A common pattern is to enforce a deterministic restore - locking dependency versions and using locked mode in CI to prevent dependency drift.
Locked restore in CI
Note: If restore results differ between local and CI, you can ship different binaries (and different runtime behavior) than what you validated. For add-ons, that's how "it worked yesterday" turns into "why is the UI different today?"
7. Post-deploy verification in CMS 12 PaaS
Once deployed, confirm the following:
- CMS loads normally with no startup exceptions.
- The CMS UI shows expected authentication behavior under Opti ID.
- Opal entry points appear in the CMS UI as documented.
If Opal does not appear after a successful deployment, the cause is typically outside the codebase:
- The tenant is not provisioned for Opal.
- Opti ID is not enabled for the instance.
- Browser policies (third-party cookies) prevent the UI experience.
Post-deploy minimum proof checklist
Select a check to expand and read what to verify.
App boots cleanly ▼
No startup errors in application logs. CMS UI loads and is accessible to editors. If startup exceptions appear, this is a code/assembly problem - not a tenant issue.
Authentication behaves as expected ▼
Opti ID sign-in and role-based access control behave as expected for editors. No unexpected auth redirects or permission errors that did not exist prior to the Opal install.
Opal entry points visible ▼
Opal UI entry points are visible in the CMS for provisioned tenants. If absent on a correctly deployed instance, escalate to Customer Success to verify organizational provisioning.
Browser policy confirmed ▼
Confirm that the browser's cookie policy is not blocking the embedded Opal experience. Test in a clean browser profile with third-party cookies permitted if the UI appears inconsistently.
8. Why deployment discipline matters
From a business-operations angle, Opal installation is not just "adding a feature." It introduces a new capability surface in the authoring workflow.
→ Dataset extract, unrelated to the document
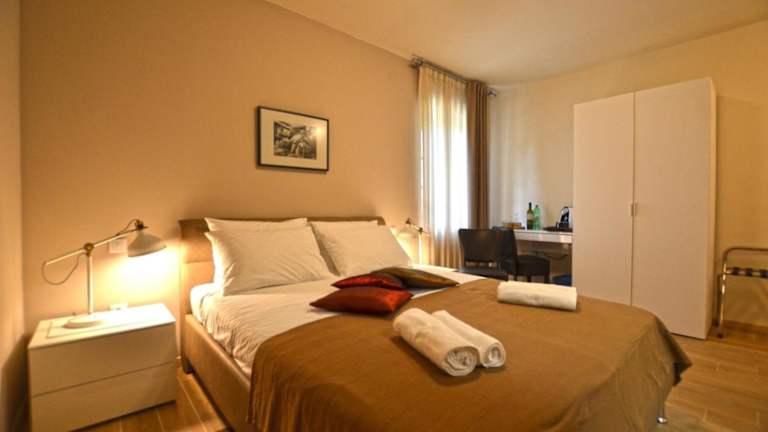Das Apartment Fioretti verfügt über 2 Schlafzimmer und 1 Badezimmer mit einer Badewanne oder Dusche. Das Apartment ist geschmackvoll eingerichtet und bietet einen gemütlichen Aufenthaltsbereich mit einem Flachbild-Sat-TV. Die voll ausgestattete Küche ermöglicht es Ihnen, Ihre eigenen Mahlzeiten zuzubereiten und die Terrasse bietet einen schönen Blick auf den Garten.
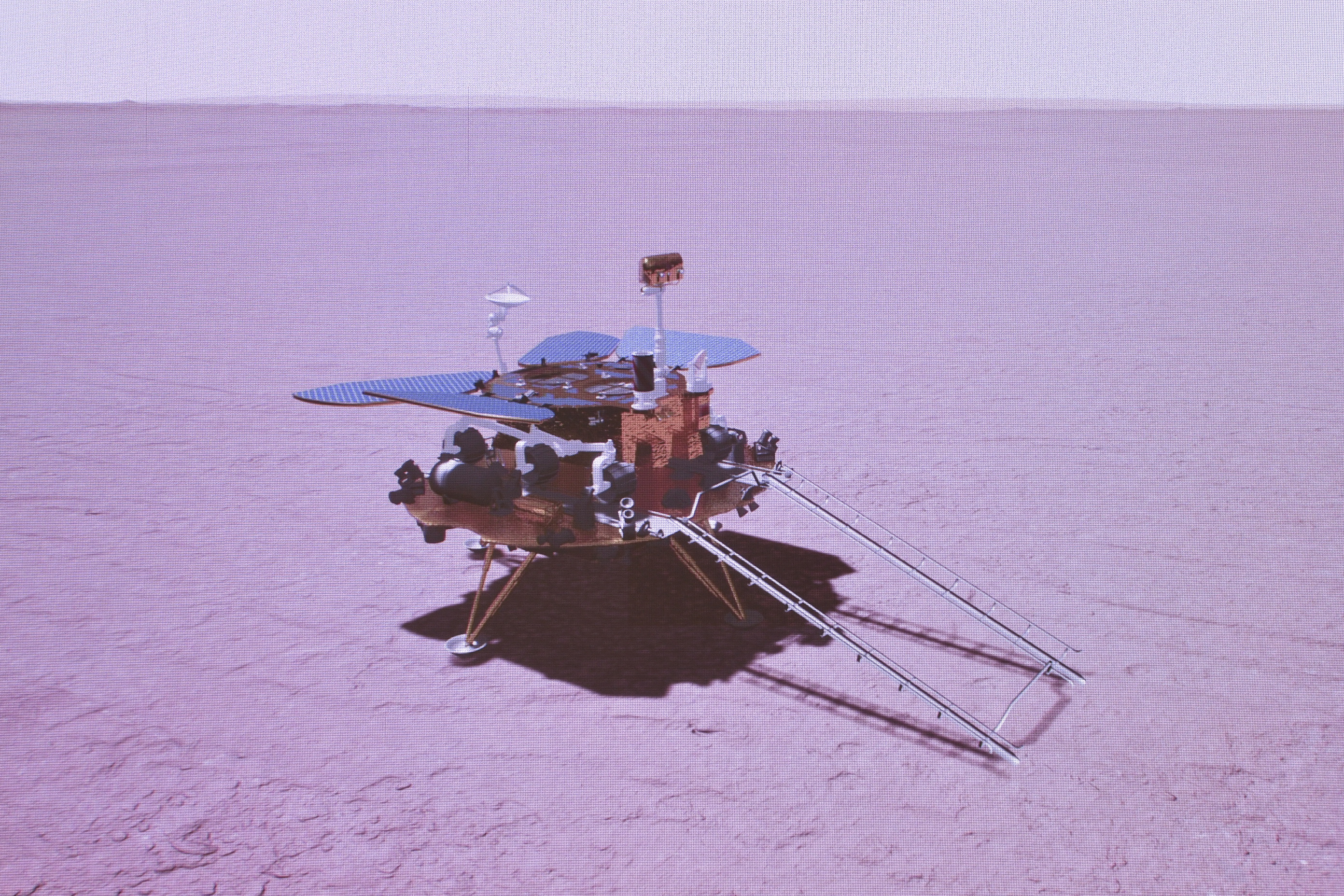 我國首次火星探測任務着陸火星成功,圖為火星探測器着陸火星表面模擬圖(新華社5月15日攝)

Deployment discipline matters because:
- AI-assisted authoring changes editorial velocity and content production patterns.
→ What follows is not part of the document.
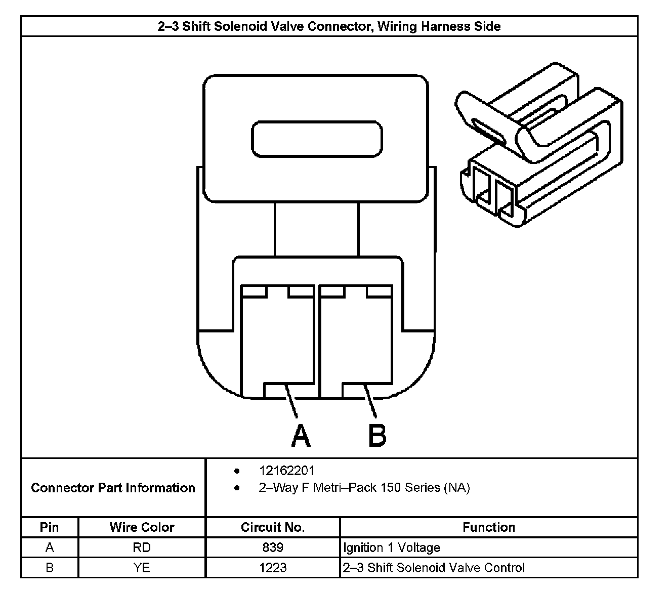 2-3 Shift Solenoid Valve Connector End View, Wiring Harness Side:

- Access and availability must be predictable across environments, especially for training, UAT, and controlled rollouts.
- Rollback paths must be clear if governance or operational constraints require disabling the capability.
Pro tip: The technical implementation is straightforward (NuGet add-on). Operational success depends on environment parity, tenant provisioning, and disciplined release management - not just the code change.
Conclusion
Installing Opal in CMS 12 (PaaS) is a standard add-on deployment: introduce the Optimizely.Cms.OpalChat NuGet package, validate dependency constraints (notably CMS UI version alignment), and promote the resulting build artifact across environments.
Successful enablement also requires DXP hosting, Opti ID, organizational provisioning, and browser policy compatibility. A successful deployment is necessary - but not sufficient - for Opal to be usable.